Market Analysis

Confused About Credibility?

Ratings agencies are getting a lot of attention lately, but let’s look at some facts before assuming they’re all that credible.

Talk of credit ratings agencies swirled again Wednesday—some tied to the ongoing (and seemingly neverending) US debt ceiling debate and some unrelated to it—likely contributing to some stock market volatility.

Many opine that even if (or more likely, when) the debt ceiling is raised, the all-clear won’t be sounded because ratings agencies may still offer their (frequently wrong) opinion on US creditworthiness. They claim the raters need to see a debt ceiling increase and a “credible plan” for reducing deficits or America’s AAA credit rating may be lowered.

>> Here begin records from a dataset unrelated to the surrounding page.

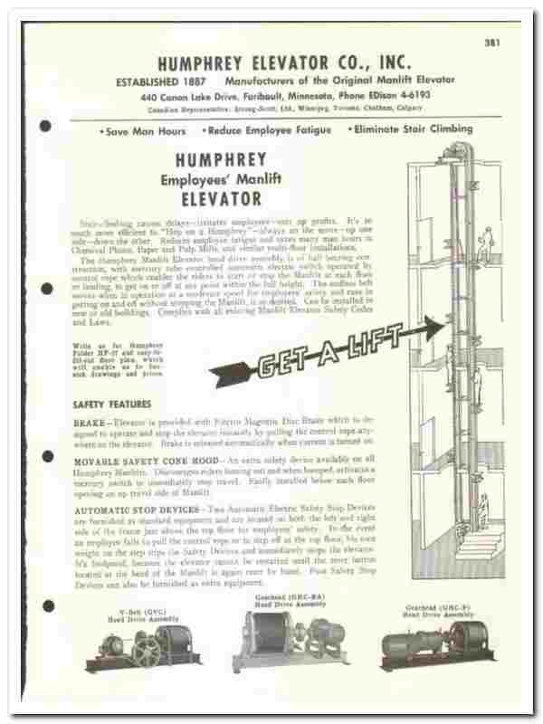 Manufacturers of the Humphrey Employees' Manlift Elevator.
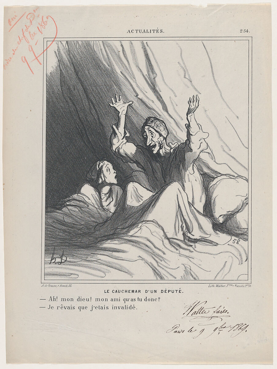 - Title: A deputy's nightmare: –Oh my friend, what has happened? –I dreamed I was invalidated, from 'News of the day,' published in Le Charivari, December 7, 1869
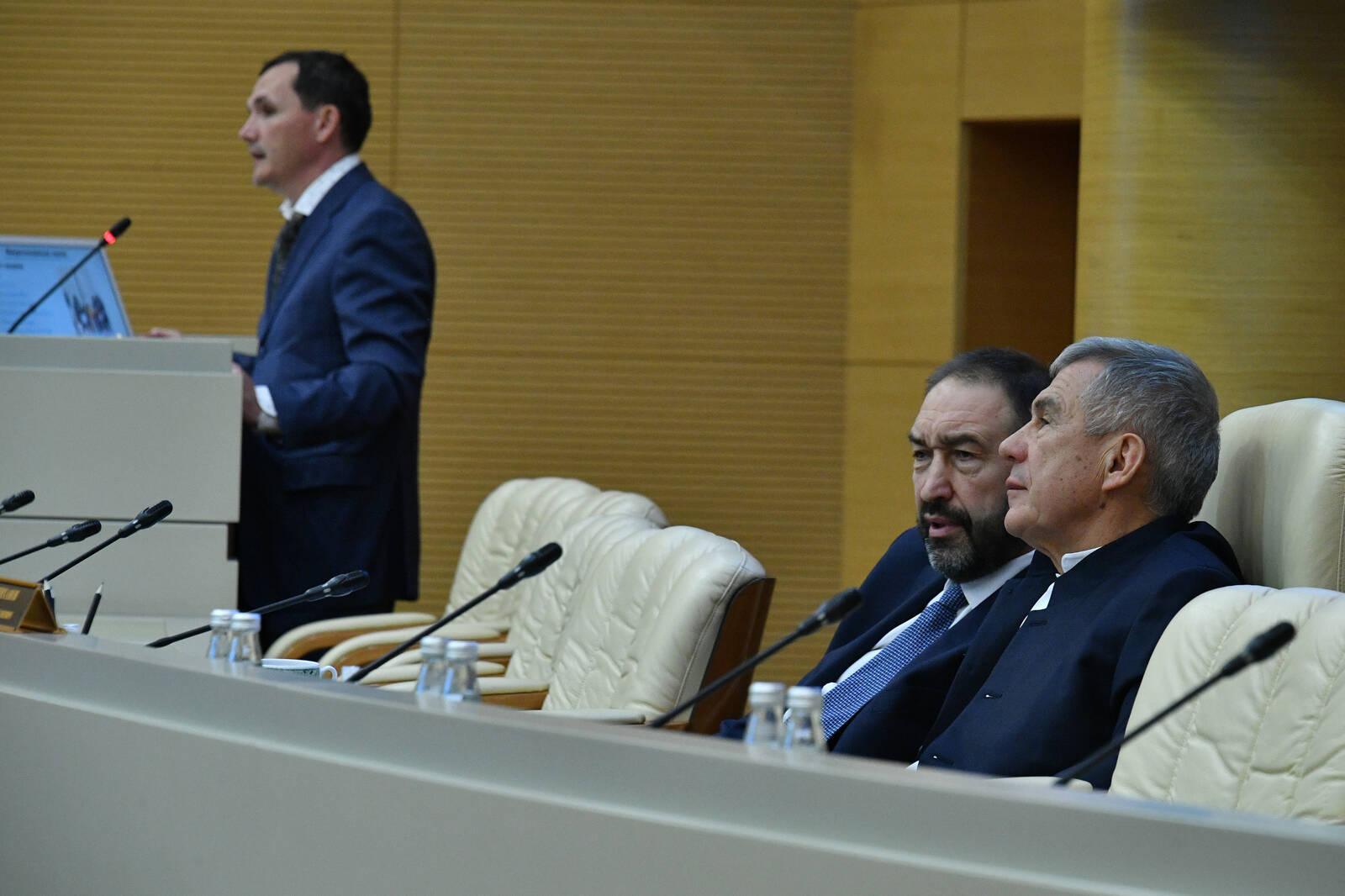 Расширенное заседание учёного совета Казанского (Приволжского) федерального университета. Принимают участие Министр науки и высшего образования Российской Федерации Валерий Николаевич Фальков, Премьер-министр Республики Татарстан А.В.Песошин.
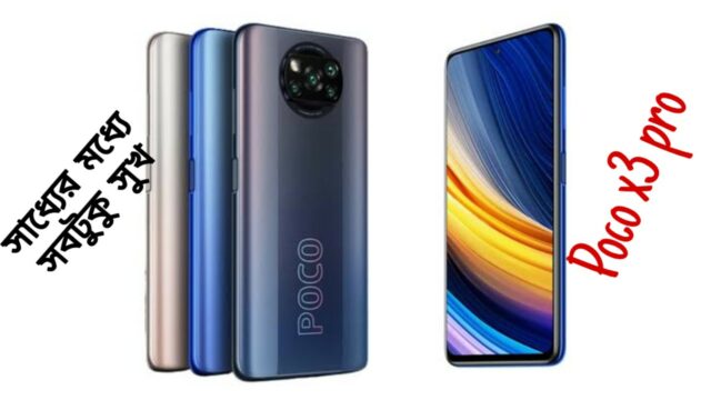 পোকো এক্স ৩ প্রো, বর্তমান বাজারে অন্যতম সেরা ফ্ল্যাগশিপ কিলার অ্যান্ড্রয়েড মোবাইল ফোন। ৬.৬৭'' এর ফুল এইচ-ডি প্লাস রেজুলেশনের মোবাইলটি তে রয়েছে ফ্ল্যাগশিপ গ্রেডের স্ন্যাপড্রাগন ৮৬০ চিপসেটের প্রোসেসর যা ৭ ন্যানোমিটার আর্টিটেকচারে প্রস্তুত। মোবাইলটি তে পাওয়ার দিতে রয়েছে ৫১৬০ মিলি অ্যাম্পিয়ারের লায়ন-পলিমারের ব্যাটারি, যা ৩৩ ওয়াটের ফার্স্ট চার্জারে মাত্র ৫৯ মিনিটে ১০০% চার্জ হতে সক্ষম। বাজারে ৬ জিবি ও ১২৮ জিবি ভ্যারিয়েন্টে মোবাইলটি পাওয়া যাচ্ছে।
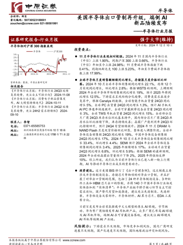 【中原证券】【20241210】2024年12月13日更新-【中原证券】半导体行业月报:美国半导体出口管制再升级,端侧AI新品陆续发布-48页 行业研究
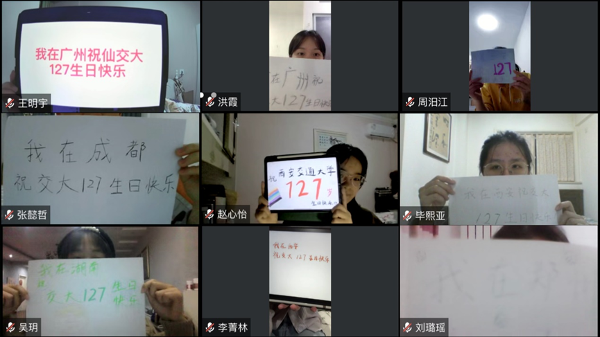 硕1109党支部线上参与的同学分别在纸上写下了“我在XXX祝交大127生日快乐”的字样,在祖国的大江南北共同献上对学校的祝福。虽然大家因为学习实习等散作满天星,但对学校的祝福和爱却时刻能聚作一团火。
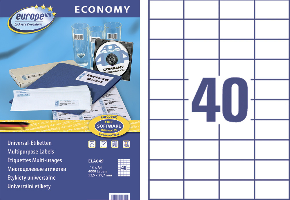 Avery Zweckform Этикетки самоклеящиесяВ данный момент этот товар отсутствует в продаже. Возможно, у нас найдется аналогичный или похожий товар здесь. Серия: Europe 100 Диапазон применения широк: от наклеек на конверты до маркировки на производстве. Совместимы с лазерными и струйными принтерами и многофункциональными устройствами любой марки. Гарантированное качество печати благодаря новой структуре бумаги и технологии, исключающей загрязнение аппаратуры частицами клея. Возможность переклеивания отсутствует. |
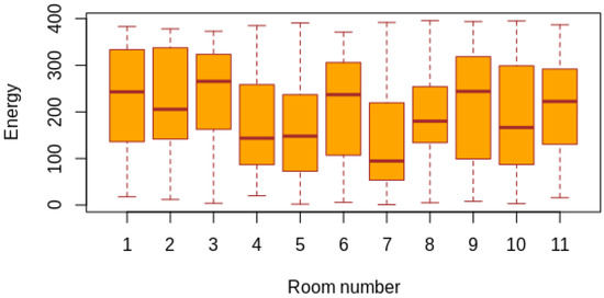 - The boxes show similar interquartile difference, which adds complexity to the development, as mentioned in Section 2.3, by having some similar measurements between rooms.
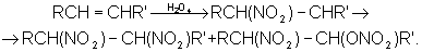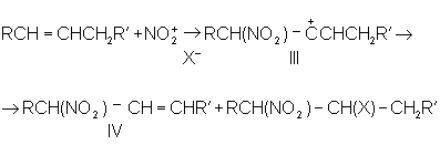 Нитрование алифатических соединений ненасыщенного ряда, например, смесью уксусного ангидрида и азотной кислоты, начинается с атаки двойной связи катионом нитрония; образующийся катион (III) стабилизируется отщеплением протона с образованием нитроолефина (IV) или присоединением аниона (X), находящегося в реакционной смеси:
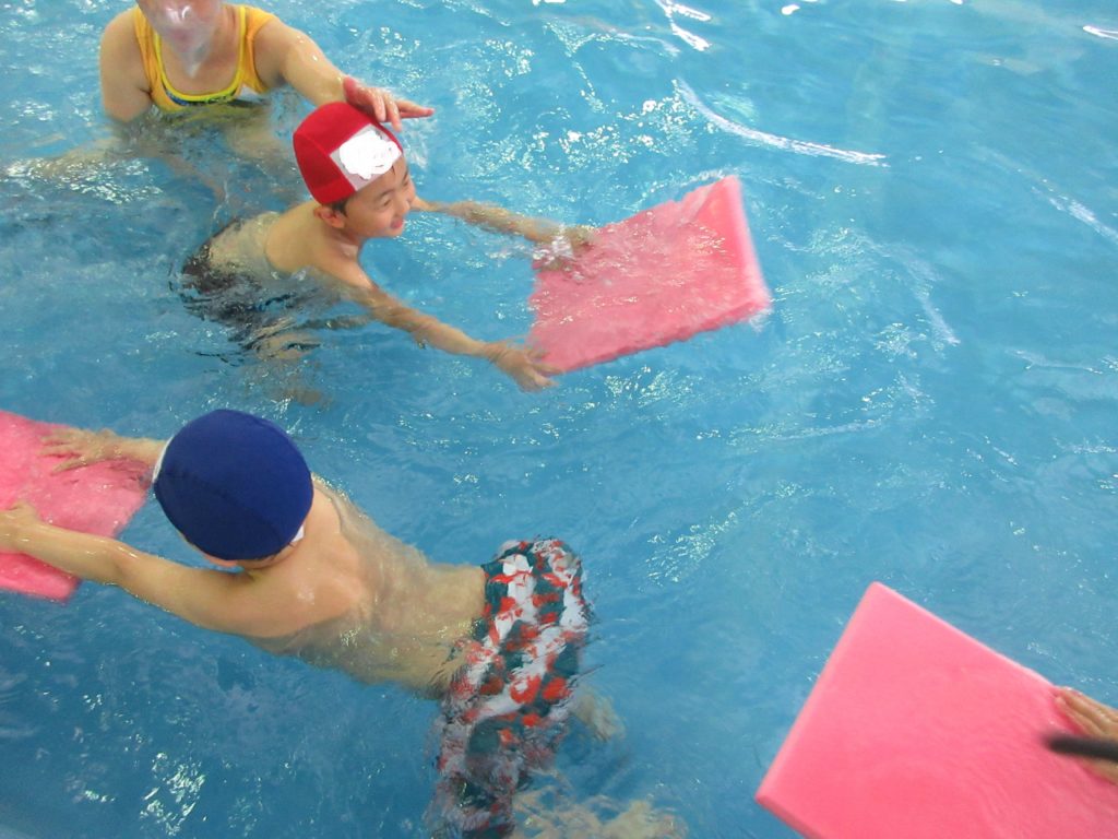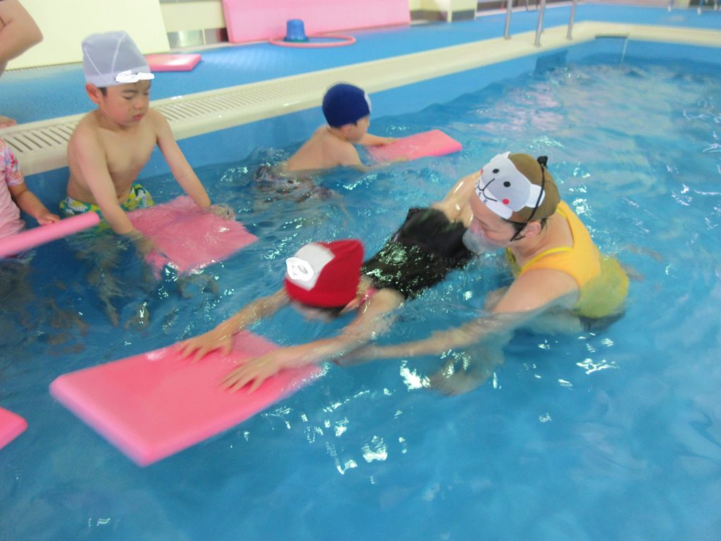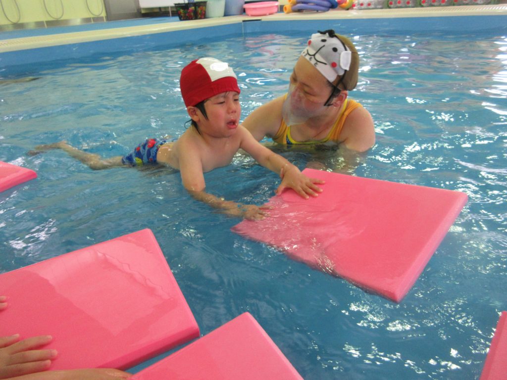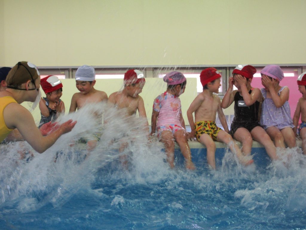 元気に挨拶をして、プールサイドに座り大きな水しぶきができるほどバタ足をしていました。

But it seems to us ratings agencies are a bit more confused than usual lately. Wednesday, both Moody’s Global Managing Director Michael Rowan and S&P President Deven Sharma said their companies won’t analyze political “plans or policies” until they become law. Which raises a salient question: What exactly, then, was their criteria for putting the US on negative credit watch? Elevated deficits were a known quantity long before S&P and Moody’s changed their outlook—and both principally cited the debt ceiling debate as their motivation. Also consider Moody’s previously said the US credit rating would not be at less risk of downgrade if the debt ceiling were eliminated. This seemingly indicates a “credible plan” isn’t part of their criteria whatsoever—and that they’re perfectly willing to discuss potential policy measures not even being discussed in Congress, much less signed into law. We’re not going to speculate about what credit ratings agencies might do—after all, we’re not in their brains and they’re certainly entitled to their opinions. In our view, it’s far more important to recall there’s nothing magic or catastrophic about changes in their opinions.

In November 1998, Moody’s elected to cut Japan from the slim global depth chart of Aaa rated sovereigns—downgrading their rating to Aa1. So what happened? Did rates spike higher and remain elevated? Actually, no. Long-term rates incrementally rose for a few months after the announcement, but reversed back to previous levels in fairly short order, as continuing economic growth alleviated concern over Japan’s debt-servicing capability. Similarly, equity markets experienced short-lived volatility, with a rapid recovery. Take note: No major credit calamity ensued. They did it again in 2002. Rates fell.

As for the US presently, one thing many overlook is there aren’t many AAA (or Aaa, as it were) rated sovereign issuers. So as we note here, there’s likely insufficient supply of attractive AAA rated government debt to meet full investor demand—meaning a mass Treasury exodus is highly unlikely because there are few alternatives.

And one can see this in US debt markets. Wednesday—while all the shouting and grumbling continued over ratings, debt ceilings, default fears, deficit plans, political bickering, blame games, gridlock and more—the US government held an auction of five-year Treasurys. If there were really much investor concern over all these topics, one should rationally expect higher bond yields and slack demand. But that isn’t what happened. At auction, the government offered $35,000,022,200 in notes. Investors bid for $91,844,358,700—a bid-to-cover ratio of 2.62, showing healthy demand. As for rates, they fell versus five-year note auctions in June. And May. And April. And March. And February. And January. You read that right—rates at Wednesday’s five-year note auction were the lowest all year—even though we’ve hit the debt ceiling and the Treasury’s stated deadline is about a week away.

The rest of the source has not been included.